Log monitoring implies using technology to avoid reading every single log message, with the benefit of catching more interesting events than if you were to read every single line!

Elasticsearch is a database API built on Apache Lucene’s indexing system; JSON formatted queries are submitted to Elasticsearch for specific documents, ranges of documents or aggregations of documents.

Visualisation of Elasticsearch’s data is handled by it’s sibling Kibana which enables you to filter down to the subset of documents you are interested in, it can show the documents in their entirety or plot them in graphs/charts. Kibana can handle basic visualisation but it can feel a bit clunky.

Grafana provides time-series visualisation, not only for Elasticsearch but all popular time-series databases. Its focus on time-series visualisation means the tool is typically easier to work with and has more options to tune your graphs than Kibana.

{% include toc.html %}

Elasticsearch

It is simpler to consider Elasticsearch as a database as the API and underlying Lucene indices are a part of the same system. Elasticsearch stores documents in a hierarchy of files, split in-part by which index and shard the document is in; using SSD on your Elasticsearch servers is a must, fast ones! Equally as important as disk speed is having a large number of fast CPUs and at least 64GiB RAM for a fully-scaled node.

Ingest with Logstash

Ingesting data into Elasticsearch either means your application is sending Elasticsearch-compatible JSON or you are parsing logs to be converted into Elasticsearch documents. Logstash is the CPU-heavy server which can recieve arbitrary log data and apply regexp-powered captures and transformations to dissect information from whichever format it comes in. As its name implies it can listen for syslogs and apply a series of filters and captures to extract the useful information and assign each piece to a field, whether that field be an integer, a fully searchable string or a whole-string keyword.

Logstash executes a combination of Perl-compatible Regular Expressions and Ruby plugins which it can scale vertically (Bigger box) very effectively; I have ingested half a terabyte of logs in around a day using this system with aprox. 300 lines of configuration. I certainly recommend Logstash over building a custom parser, as I have done that too and it took much longer to build and was significantly less efficient and slower.
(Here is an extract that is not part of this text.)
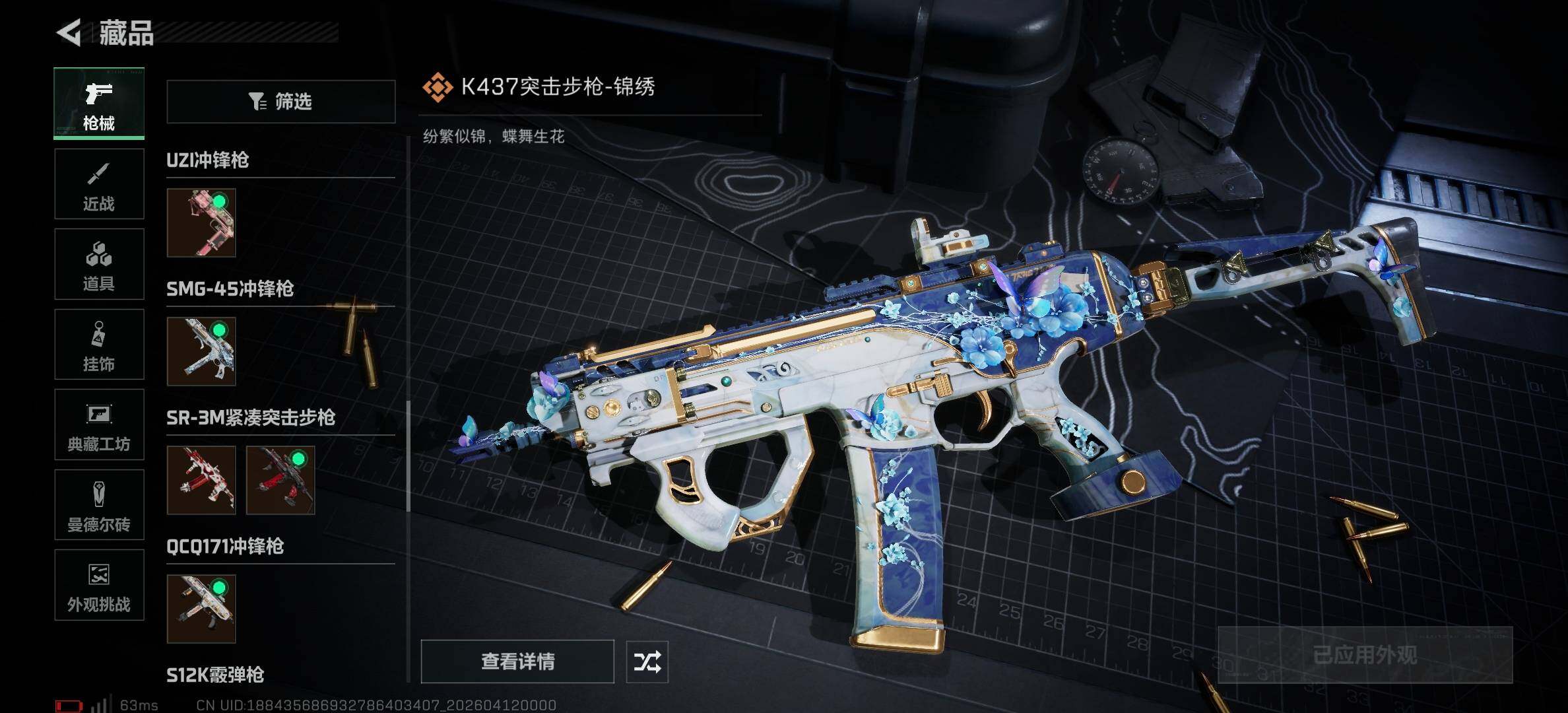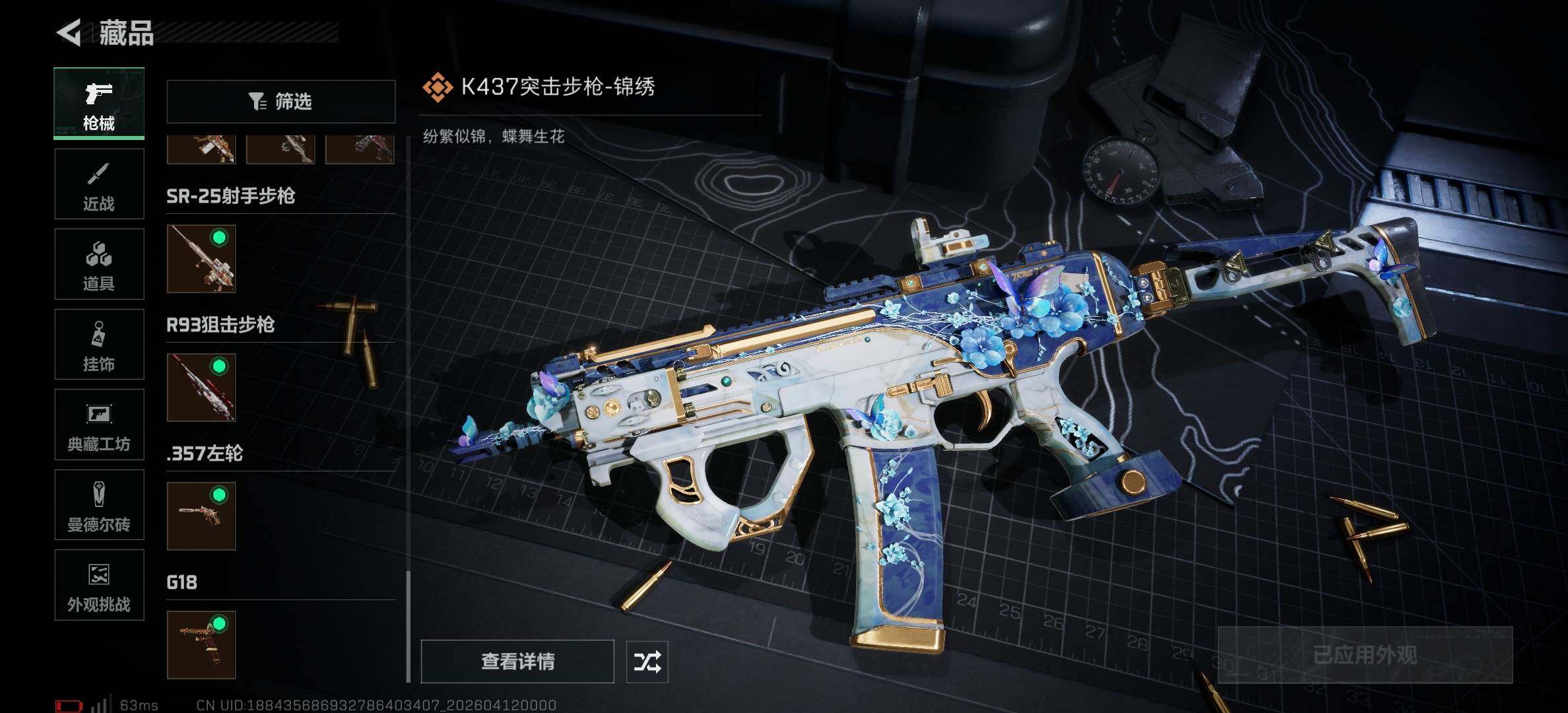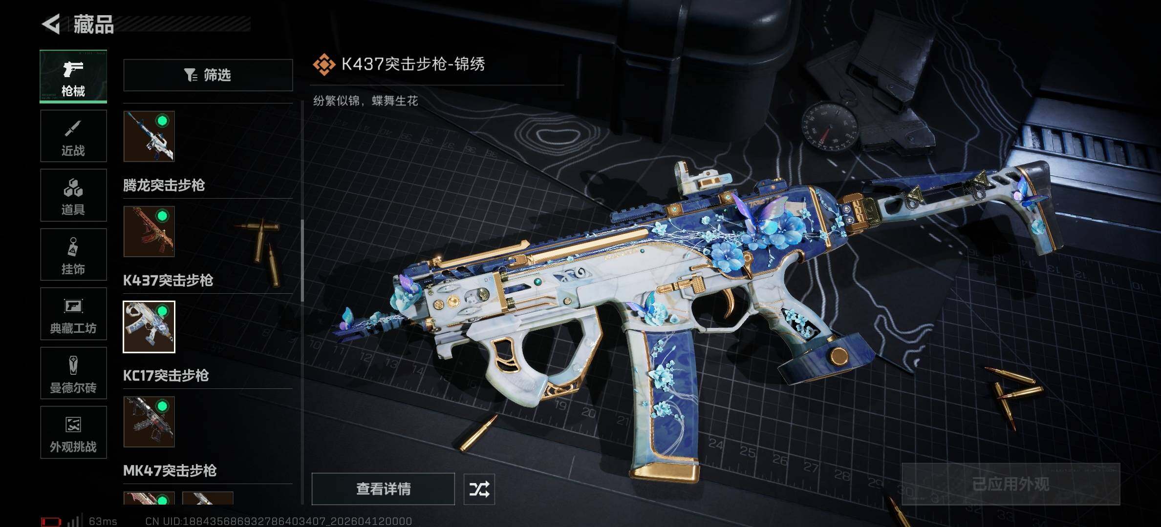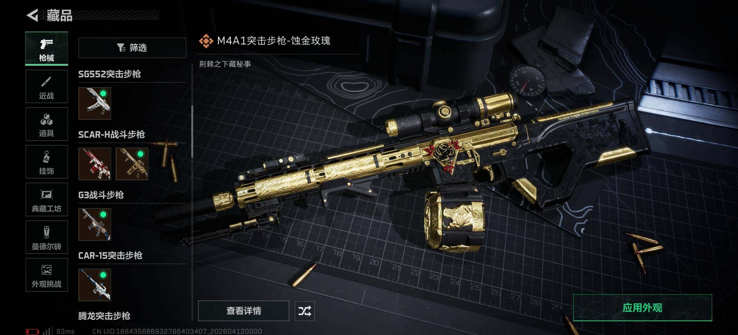 【传说外观】:M4A1突击步枪-蚀金玫瑰,M4A1突击步枪-阿米娅,AKM突击步枪-锦绣,ASh-12战斗步枪-鹅鸭杀,AUG突击步枪-悠然茶

Ruby is used minimally to fulfil operations more complicated than RegExp; My current systems don’t use custom Ruby files but do use several Ruby one-liners, these are included in the same config file as the RegExp’s which keeps things tidy. Most of these apply some simple math or do some conditional counting.

Kibana

If Elasticsearch is an API then Kibana is the front-end; It enables you to view documents as they arrive in the database, filter using either Lucene queries or the graphical drop-downs, which are dynamically populate with the fields from your documents.

The Discovery page shows a graph of document count over time, below is a list of the most recent documents represented as a list of fields, the option exists to view the raw JSON document. This page is useful for understanding the details of a logged event; The @timestamp tells you when it happened, the message gives you the whole message recieved, if you knew what this log looked like and you applied some Logstash parsing to it then a source_ip field could tell you where it originated, dest_ip tell you where it is going, transport tell you the protocol

The Visualise tool allows you to map any of your documents fields to a graph, bar chart, heatmap, etc. - If you just need to impress it can also generate a Word Cloud.

While Kibana has visualisation capabilities, the software is better suited to search and filtering to understand an event than it is for visualisations. This may change over time as Elastic has started work a couple experimental features to improve its visualisation in both time-series and anomaly detection domains.

Grafana

Grafana is the go-to time-series visualisation tool; It integrates with any supported database and enables the user to easily make graphs using the filtering capabilities of the target database. Elasticsearch support in Grafana matches Kibana, in that the user can use drop-down menus to select fields & values or enter a Lucene query.

As with Kibana you are able to set an exact timespan for your graphs, with an automatic refresh if you are watching live metrics. Alerting can be configured on any graph, from which Grafana can send messages via many channels such as email or Slack with snapshot of the graph and information on the thresholds being exceeded.

Graphs are created in Dashboards which allow for logical grouping of related metrics; To reduce duplicate effort Grafana provides templating capabilities to allow graphs to be configured based on automatically generated lists of keys pulled from your datasource. A common example of this is for a dashboard to contain all relevant graphs for a type of server, then for a template variable to be used as the filter value in the underlying queries.

Should you deploy Grafana to a large enterprise you will find the user management capabilities in Grafana v5+ are very useful, a full Admin/Edit/View ACL system exists for Teams and individuals users of the system.